> [EXERCISE GOAL]
Omit the pictures and return every entry exactly as written.

> [MATERIAL PROVIDED]
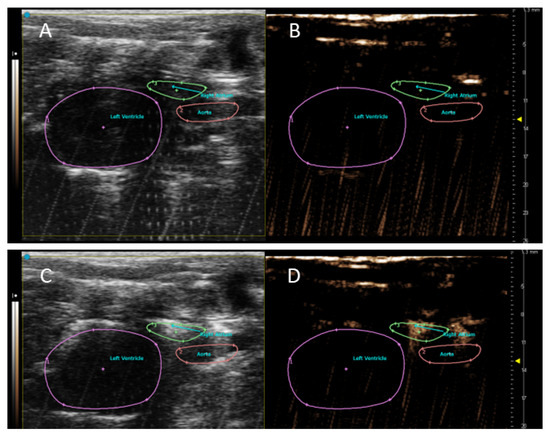 The intravenous application of 2 mL of CO2 foam (n = 3) and 220 µL of Vevo MicroMarkerTM microbubble contrast (n = 3) as contrast agents into the rat tail vein led to an increase in the NLC signal in the right atrium, left ventricle and the aorta immediately after the contrast agent’s administration (see Figure 2) in all six experimental rats.
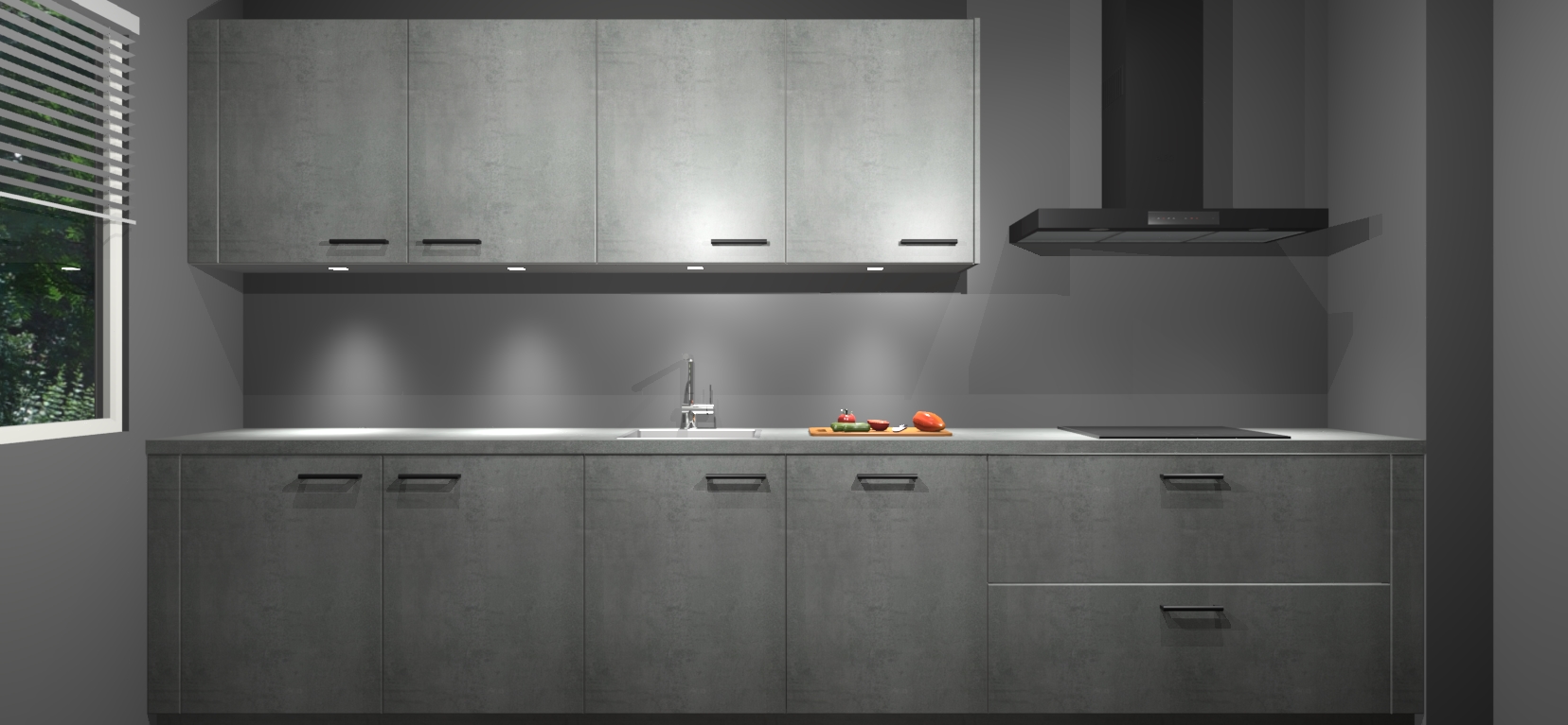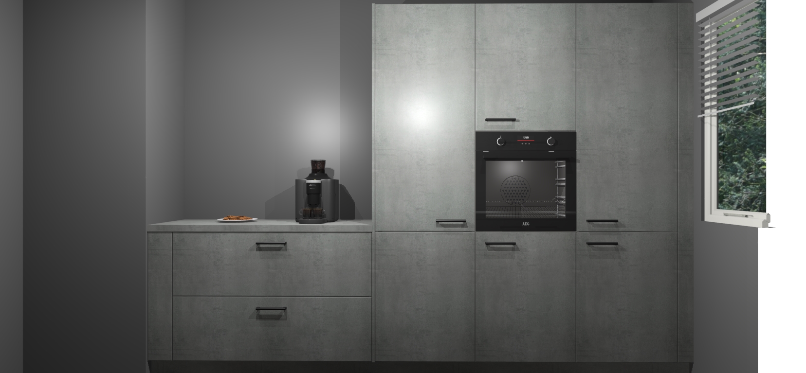 Een stijlvolle en praktische keuken als deze mag gezien worden. Dankzij de prachtige Beton Parelgrijs matte afwerking wordt de keuken gemakkelijk het middelpunt van uw huis - hij ziet er geweldig uit onder allerlei lichtomstandigheden, van dag tot nacht!
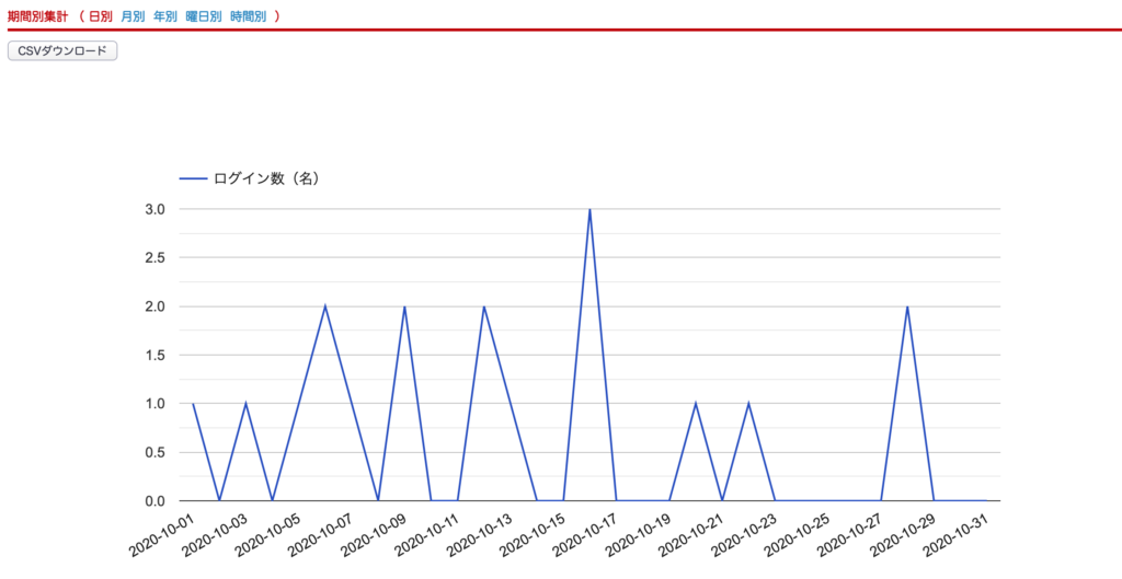 対象期間を指定し、日別・月別・年別・曜日別・時間別 で集計データを確認できます。
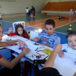 Jogos como os da memória, com o objetivo de encontrar os pares e identificar as placas de trânsito. Frases informativas escritas e impressas, que foram entregues para funcionários, pais e convidados para a culminância do projeto. Antes foi realizada a leitura e entendimento de cada uma dela.
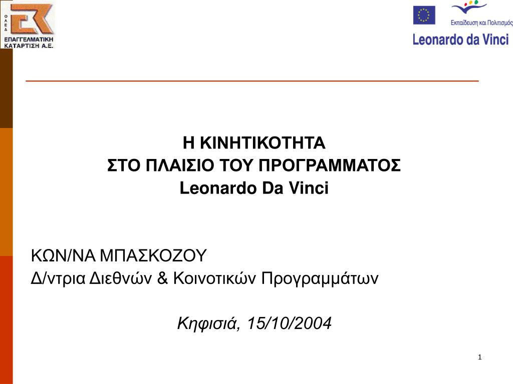 H ΚΙΝΗΤΙΚΟΤΗΤΑ ΣΤΟ ΠΛΑΙΣΙΟ ΤΟΥ ΠΡΟΓΡΑΜΜΑΤΟΣ Leonardo Da Vinci ΚΩΝ/ΝΑ ΜΠΑΣΚΟΖΟΥ Δ/ντρια Διεθνών & Κοινοτικών Προγραμμάτων Κηφισιά, 15/10/2004
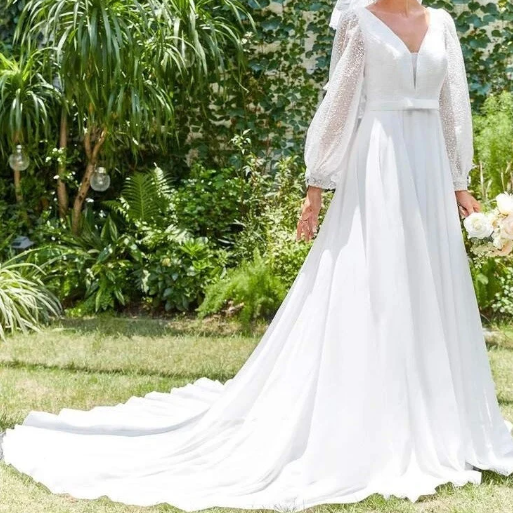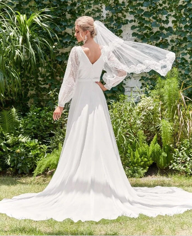 Contrast Mesh V-Neck Lantern Sleeve Chiffon Wedding Dress Without Veil
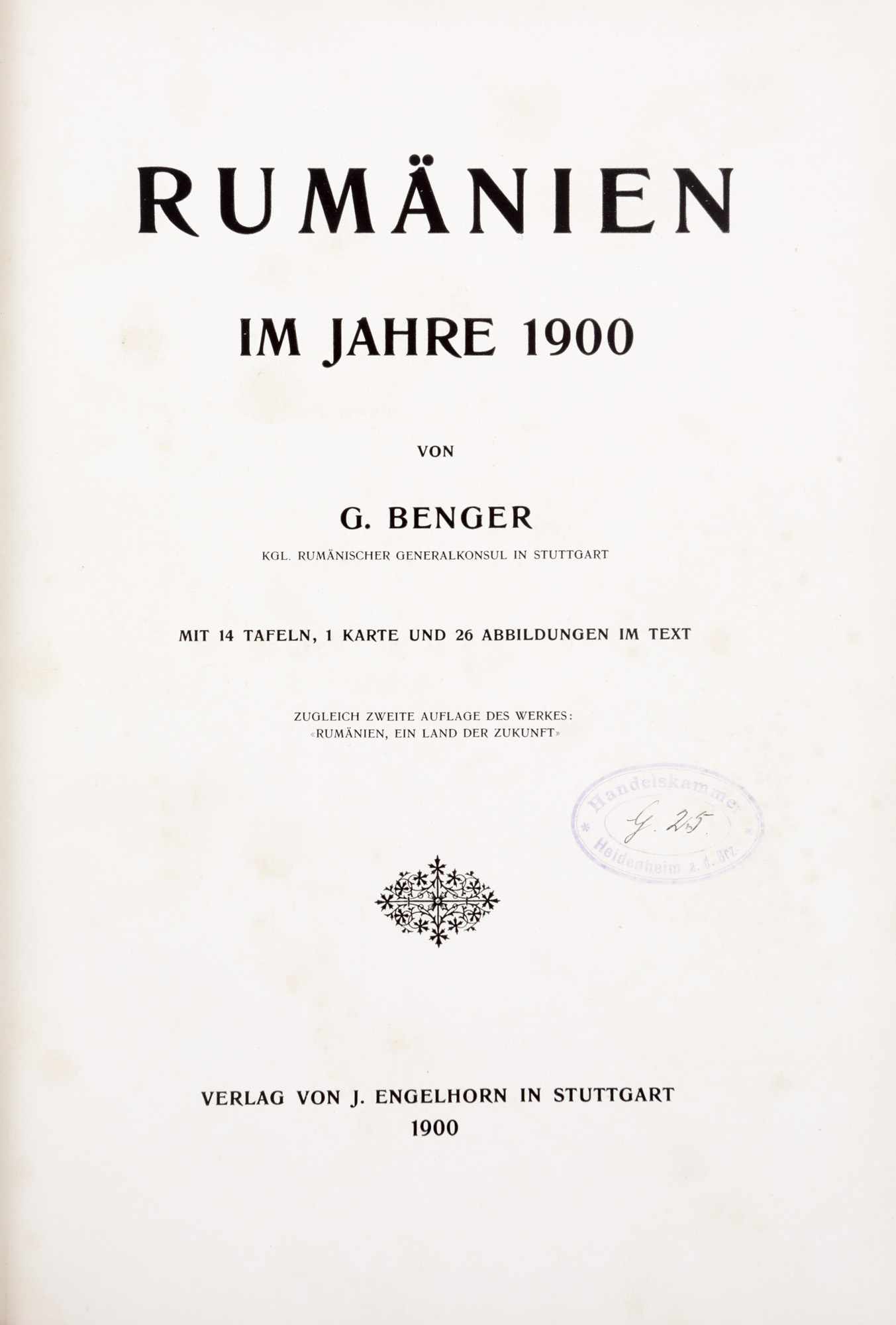 132. "România în anul 1900 (Rumänien im Jahre 1900)", de Gottlieb Benger, germană, Stuttgart, 1900

> [EXPECTED OUTPUT]
 The intravenous application of 2 mL of CO2 foam (n = 3) and 220 µL of Vevo MicroMarkerTM microbubble contrast (n = 3) as contrast agents into the rat tail vein led to an increase in the NLC signal in the right atrium, left ventricle and the aorta immediately after the contrast agent’s administration (see Figure 2) in all six experimental rats.
 Een stijlvolle en praktische keuken als deze mag gezien worden. Dankzij de prachtige Beton Parelgrijs matte afwerking wordt de keuken gemakkelijk het middelpunt van uw huis - hij ziet er geweldig uit onder allerlei lichtomstandigheden, van dag tot nacht!
 対象期間を指定し、日別・月別・年別・曜日別・時間別 で集計データを確認できます。
 Jogos como os da memória, com o objetivo de encontrar os pares e identificar as placas de trânsito. Frases informativas escritas e impressas, que foram entregues para funcionários, pais e convidados para a culminância do projeto. Antes foi realizada a leitura e entendimento de cada uma dela.
 H ΚΙΝΗΤΙΚΟΤΗΤΑ ΣΤΟ ΠΛΑΙΣΙΟ ΤΟΥ ΠΡΟΓΡΑΜΜΑΤΟΣ Leonardo Da Vinci ΚΩΝ/ΝΑ ΜΠΑΣΚΟΖΟΥ Δ/ντρια Διεθνών & Κοινοτικών Προγραμμάτων Κηφισιά, 15/10/2004
 Contrast Mesh V-Neck Lantern Sleeve Chiffon Wedding Dress Without Veil
 132. "România în anul 1900 (Rumänien im Jahre 1900)", de Gottlieb Benger, germană, Stuttgart, 1900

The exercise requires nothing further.